Required action | Below are records; please write out exactly the lines from the first line through the line containing "96-99㎡三房两厅两卫(竖厅):约300套,占比35%", with no pictures.

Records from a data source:
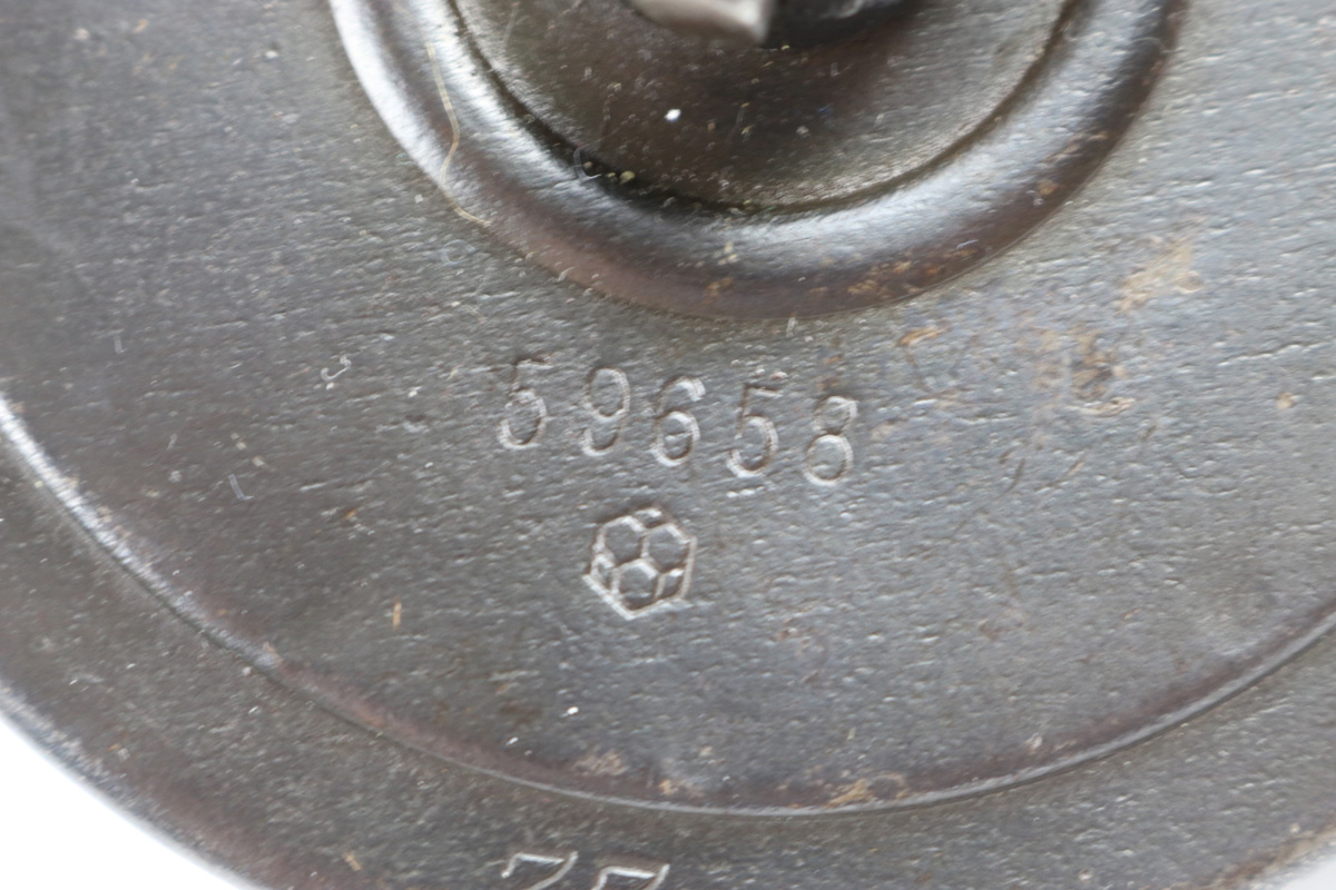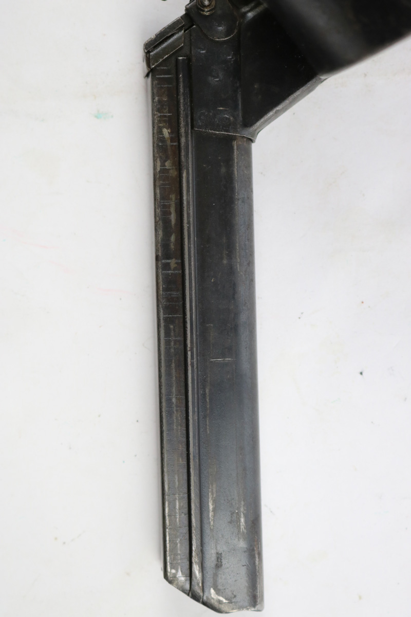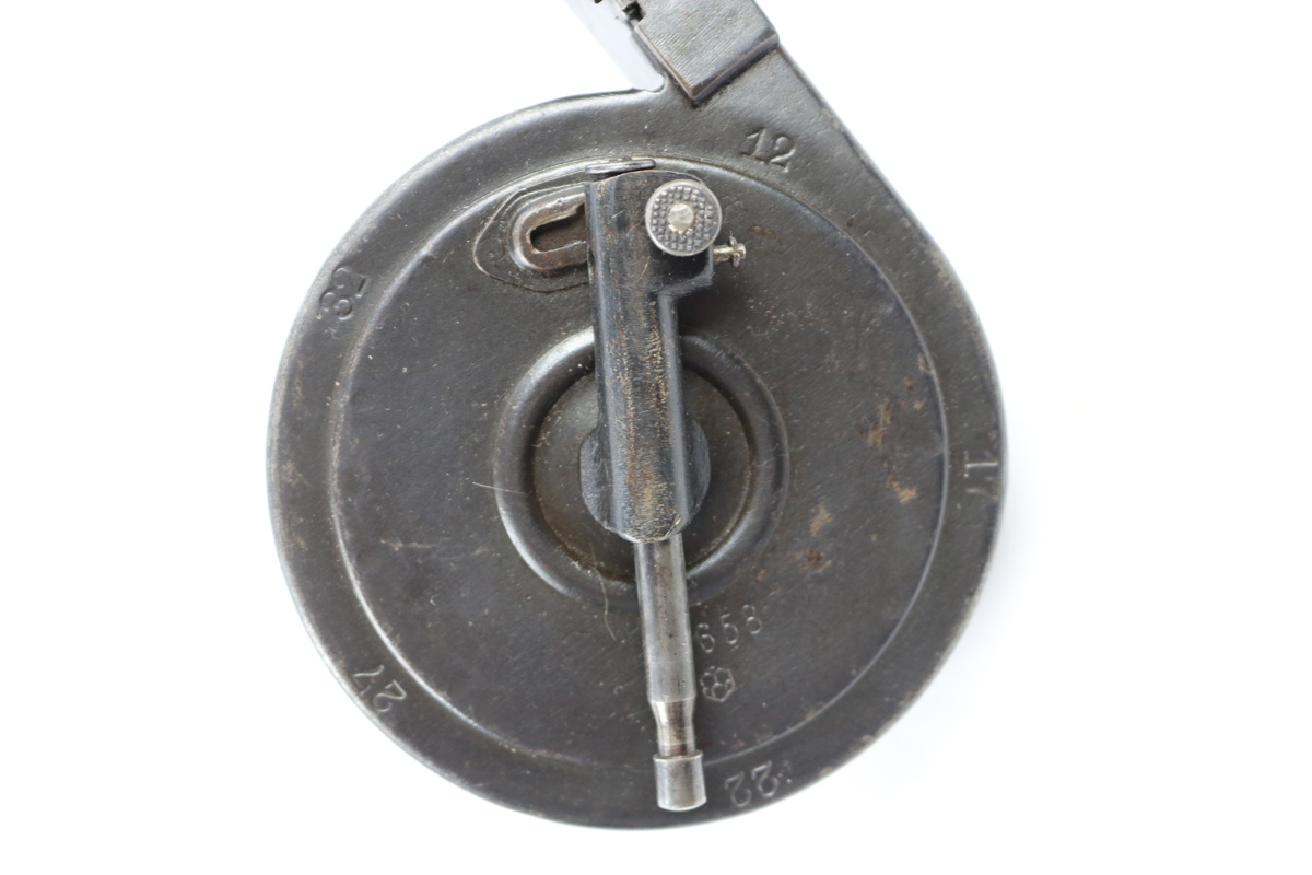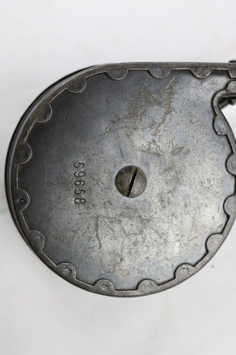 6/14/18 – This is an original WW1 type 1 artillery luger snail drum magazine. Holds 9mm ammunition. Imperial proof stamped on the magazine tube near the top of the tube. The underside is maker stamped and serial numbered “59658”. There is some surface wear throughout, but this is light patina and bluing loss. The bluing is mostly in tact. All original, correct, and fully functional.
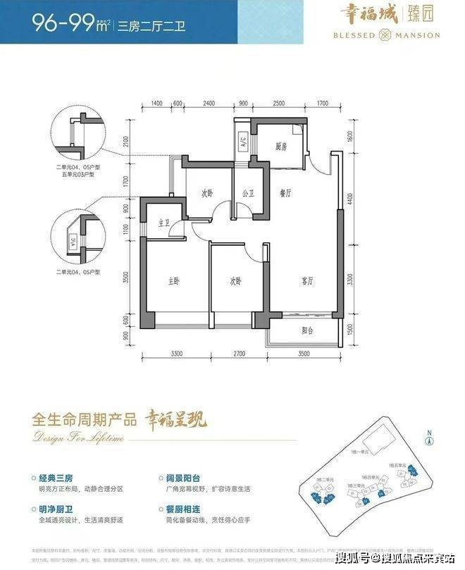 96-99㎡三房两厅两卫(竖厅):约300套,占比35%
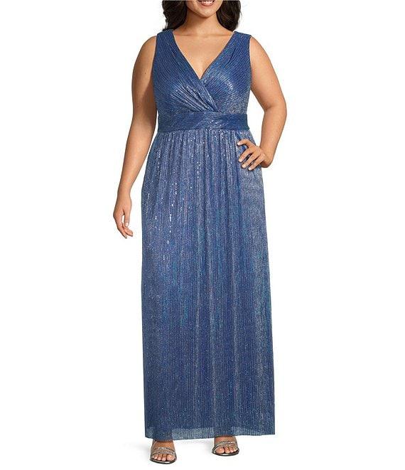 From R & M Richards Plus, this 2-piece set features: Jacket: Matte jersey chiffon fabrication Open front; no closure 3/4 sleeves Polyester Approx. 32" in length Hand wash only/lay flat Dress: Pleat crinkle fabrication Hologram detail Metallic V-neckline Lined Center back zipper Approx. 61" in length Polyester/metallic Hand wash only/lay flat Imported.
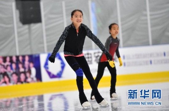 ↑小運(yùn)動(dòng)員們?cè)跍y試中。新華社記者郭程攝
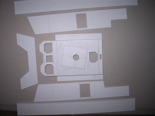 Material ist da. So hab ich mich heut an das Räumschild gemacht (kein Spaß wegen der großen Radien, aber Blumentöpfe und Spielzeugeimer helfen da als Schablonen). Das abnehmen der Maße vom 1:35er erleichtert natürlich viel. Beim "Büffel" mußte ich nach Ansichten und Fotos bauen. Das geht zwar aussen, aber gerade an Teilen wie dem Räumschild kann man da wenig abnehmen. Mit dem Kasemattenaufbau hab ich auch begonnen. Ich bau "vom großen zum kleinen", so passt alles. Die Frage ist immer nur, wann die Einzelteile zusammenkleben. Übersichtlicher ist es verklebt, wenn danach aber noch Löcher zu bohren sind oder ähnliches ist das nicht so günstig.
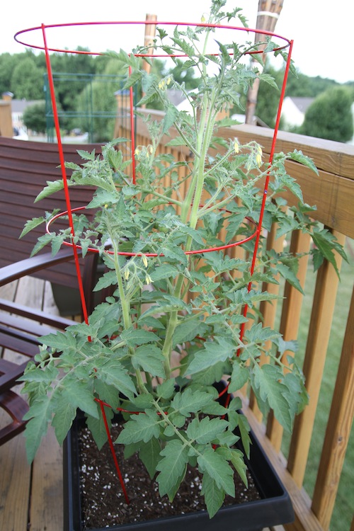 Remember this sweet little volunteer tomato that peeked out from under the oregano in my Grow Camp?
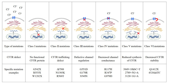 Classes of CFTR mutations [24]. Class I mutations result in no protein production, red symbol in class I mutations indicate truncated, nonfunctional mRNA produced in the nucleus. Class II mutations result in misfolded proteins being degraded via the proteasome pathway, red symbol in class II mutations indicate misfolded proteins failing to pass through the endoplasmic reticulum quality control system. Class III mutations impair channel opening, red symbol in class III mutations indicate the CFTR ion channel on the cell membrane failing to open. Class IV mutations show reduced conduction, wave lines in class IV mutations indicate reduced chloride ion transport efficiency. Class V mutations cause a significant reduction in mRNA or protein levels, or both, red symbol in class V mutations indicate unstable or nonfunctional mRNA produced in the cell nucleus. Class VI mutations reduce the stability of ion channels on the cytoplasmic membrane, red arrow in class VI mutations indicate that CFTR proteins reaching the cell membrane are prone to degradation; created in BioGDP. CFTR: cystic fibrosis transmembrane conductance regulator.
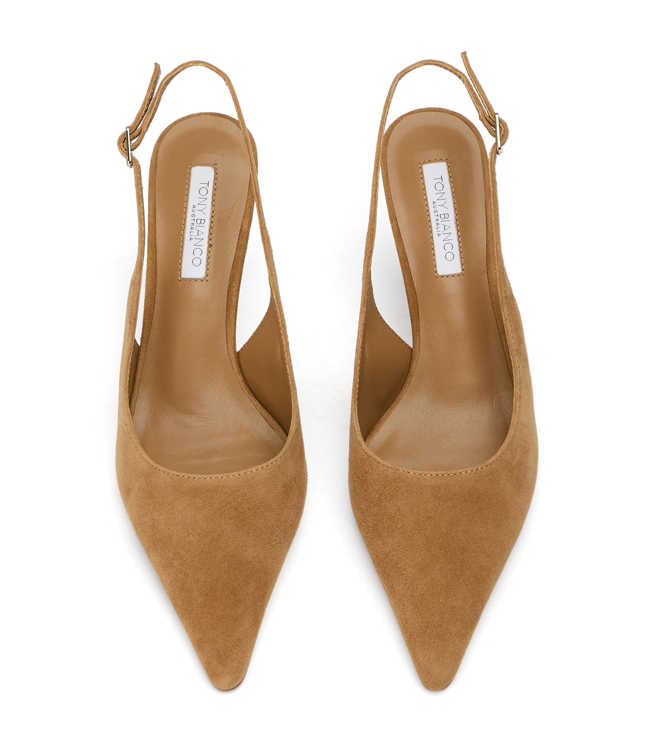 Meet Samar, the pointed-toe sling-back pump destined to be a long-standing wardrobe hero. Encapsulating chic sophistication, it features a contemporary angular heel and a clean, minimalist design. Finished in our signature suede leather, Samar offers a look that is both refined and enduringly stylish.
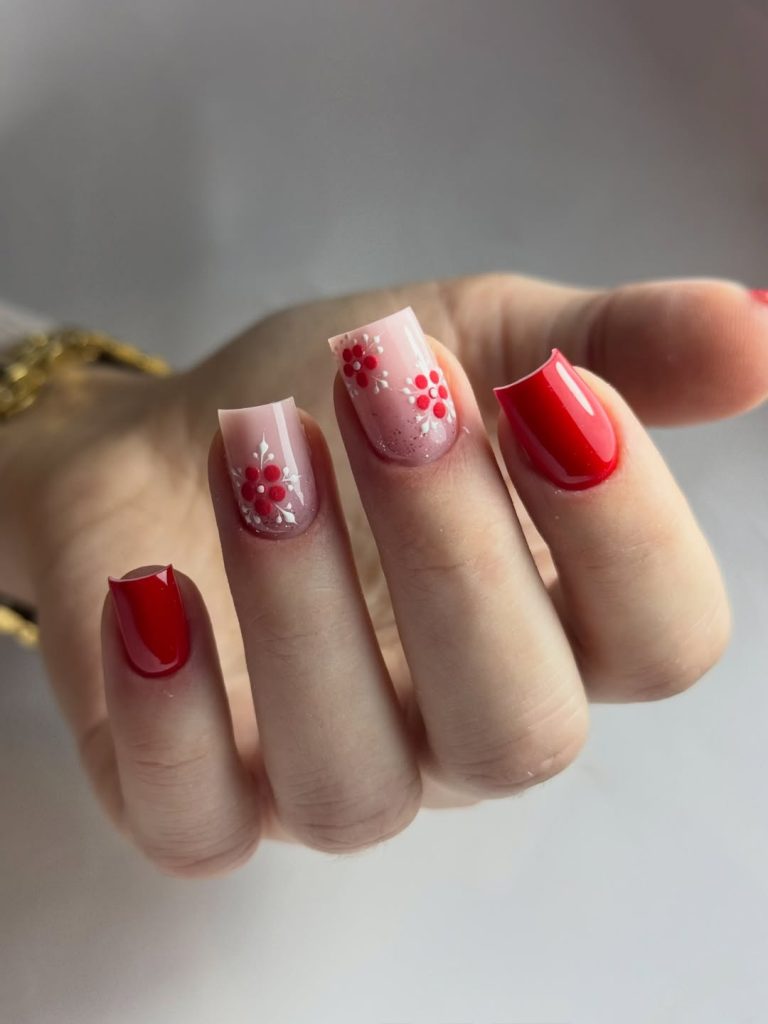 This combination of glossy Red tips and delicate floral accents feels vibrant yet romantic. The contrast between the bold Red and soft nude base creates depth, while the square edges keep the look modern. It’s expressive without feeling overdone—just the right balance of drama and charm.

Result of the task |
 6/14/18 – This is an original WW1 type 1 artillery luger snail drum magazine. Holds 9mm ammunition. Imperial proof stamped on the magazine tube near the top of the tube. The underside is maker stamped and serial numbered “59658”. There is some surface wear throughout, but this is light patina and bluing loss. The bluing is mostly in tact. All original, correct, and fully functional.
 96-99㎡三房两厅两卫(竖厅):约300套,占比35%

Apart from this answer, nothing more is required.